True to form, environmental extremists have done nothing but complain bitterly about the President's Healthy Forests Initiative, which was introduced in August of 2002. These groups have no meaningful alternative to protecting forests or property (NRDC says, with callous indifference, that catastrophic forest fires are simply inevitable-they're not, by the way-so people should buy inflammable roofing). They prefer making politically charged sound bites instead of working with the President to implement concrete solutions to a very serious environmental problem.

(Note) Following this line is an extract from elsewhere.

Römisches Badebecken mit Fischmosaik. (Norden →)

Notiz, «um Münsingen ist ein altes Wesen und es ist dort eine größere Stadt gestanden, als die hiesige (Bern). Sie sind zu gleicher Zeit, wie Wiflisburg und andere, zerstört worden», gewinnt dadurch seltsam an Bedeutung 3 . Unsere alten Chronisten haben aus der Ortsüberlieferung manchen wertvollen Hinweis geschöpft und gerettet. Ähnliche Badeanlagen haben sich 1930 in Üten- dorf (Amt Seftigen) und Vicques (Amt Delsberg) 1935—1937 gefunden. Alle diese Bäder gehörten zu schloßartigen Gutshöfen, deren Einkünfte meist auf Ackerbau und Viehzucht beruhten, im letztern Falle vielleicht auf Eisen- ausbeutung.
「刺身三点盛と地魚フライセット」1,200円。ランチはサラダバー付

The President's trip to Summerhaven, Arizona, sparked the usual rhetorical pabulum from the usual suspects. Interestingly, complaints leveled by these groups look quite similar in tone and content, showing a remarkable effort at message coordination, designed no doubt for fundraising purposes:
Do these charges have any grounding in fact? One might ask: where is the proof of a timber industry-cum-Bush Administration conspiracy? In Arizona, there is essentially no logging industry left: there are two very small mills, and the Apache Indian Reservation has two mills of its own. And further, where is the proof showing exactly how environmental laws are being "gutted"? Among other things, the Administration is using categorical exclusions, based on scientific peer review, to expedite catastrophic-fire-preventing thinning projects. Those exclusions are an existing part of NEPA.

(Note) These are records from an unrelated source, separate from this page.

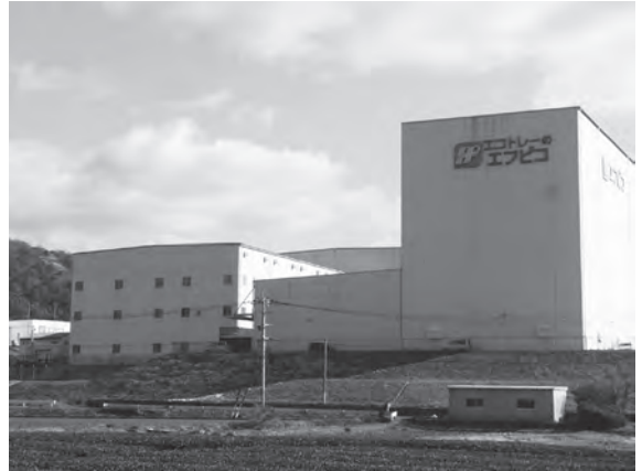
障害者の就労支援企業
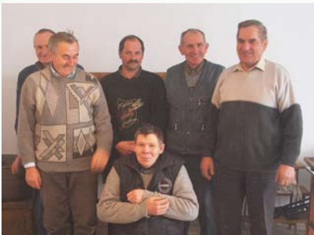
Członkowie Bractwa w Starej Białej, którzy odlewali świece w 2010 roku
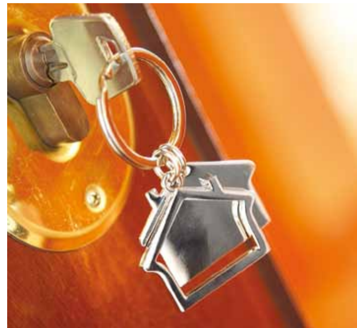
Suurematel kui 20 m 2 pinnaga hoonete ehitamisel peab olema seaduslik alus.

Kontrollimisel lähtutakse korraaitseaduses ja ehitusseadustikus kehtestatud riikliku järelevalve sätetest. Kontrollimise käigus selgitatakse eelkõige välja ehitise ehitamise õiguslik alus, ehitise ehitisealune pind, ehitise kasutamise otstarve, ehitamise aeg, vajaduse korral ehitise varasema ümberehitamise, laiendamise või lammutamisega seonduv teave ning muud olulised asjaolud. Kui kin-
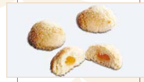
18. Biscotto pasta di mandorle ripiena
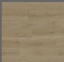
002 - Classic Oak
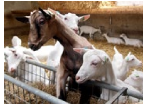
De lammeren zijn gehuisvest in een lichte, ruime stal.
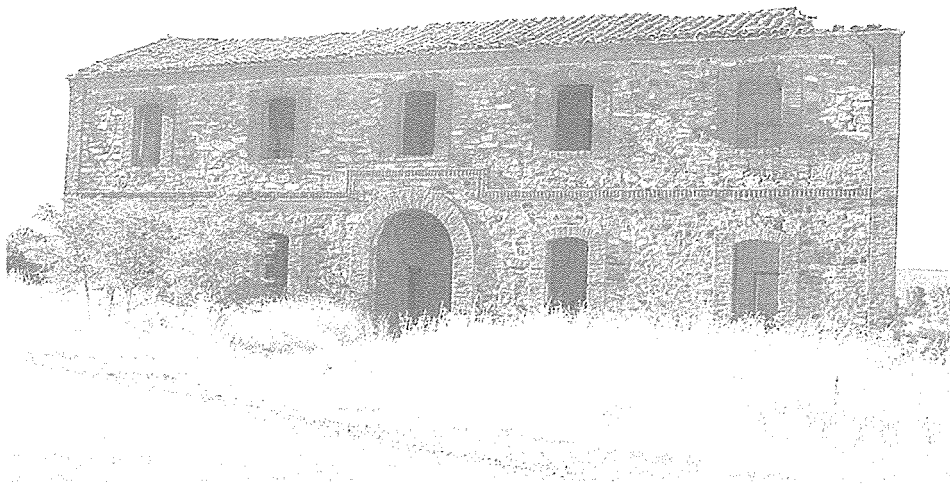
Casa del Priorato de Villaverde

En cuanto a la capilla o ermita y aledaños, contamos con una excelente descripción, a medio camino entre la crónica literaria y el análisis artístico, publicada por E. Sáinz hace unos años en la prensa local:
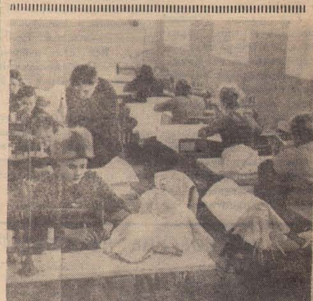
Московская область. В совхозе «Заря коммунизма» работает цех по пошиву спецодежды (на снимке). Здесь шьют халаты, куртки, комбинезоны, рукавицы, фартуки.

Healthy Forests isn't about logging or the timber industry, but about protecting forests and people's homes. It is about preventing Arizona's Rodeo-Chediski fire, whose path of destruction equaled about 60 percent of the size of Rhode Island, from happening again. And it is about preventing frivolous, baseless litigation sponsored by extremist groups, which is a major contributing factor to the recent spate of catastrophic fires.

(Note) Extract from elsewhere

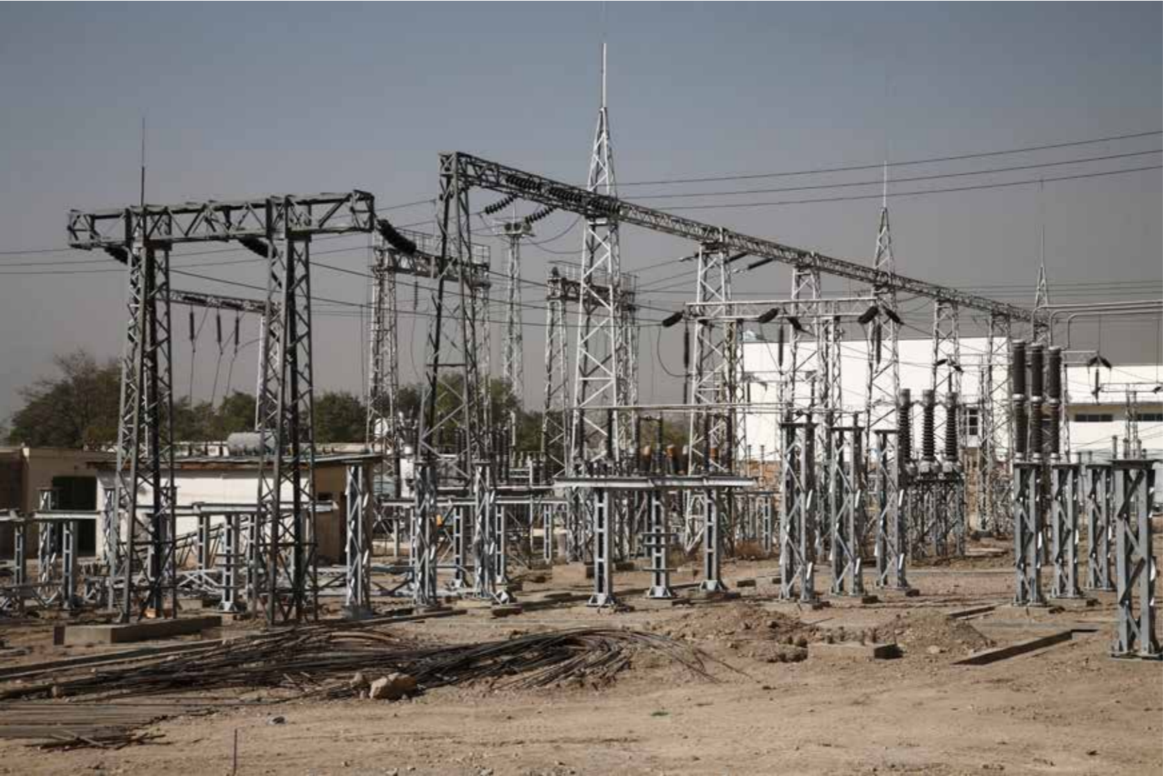
پروژه انتقال برق از آسیای مرکزی به جنوب

Kate Klein, a 49-year-old district manager with the U.S. Forest Service, and someone who once considered herself part of the "environmental movement," agrees. As she told the Smithsonian magazine (August 2003 edition), the legal obstructionism of environmental extremists, who systematically stopped attempts to thin Arizona's Black Mesa forest district, which Klein manages, caused a massive wildfire that left a swath of desolation, killing everything, animal species included, that got in its way.
Klein blames the Center for Biological Diversity, who blocked thinning repeatedly, for the fire. Her reaction is worth recounting in full: "If we had done all this thinning we wanted to over the years, we could have kept this fire from exploding, and we could have saved the towns it burned through. All those arguments we heard about how 'your timber sale is going to destroy Mexican spotted owl habitat,' 'your timber sale is going to destroy the watershed.' And our timber sale wouldn't have had a fraction of the effect a severe wildfire has. It doesn't scorch the soil, it doesn't remove all the trees, it doesn't burn up all the forage. And then to hear their statements afterward! There was no humility, no acceptance of responsibility, no acknowledgment that we had indeed lost all this habitat that they were concerned about. All they could do was point their finger at us and say it was our fault."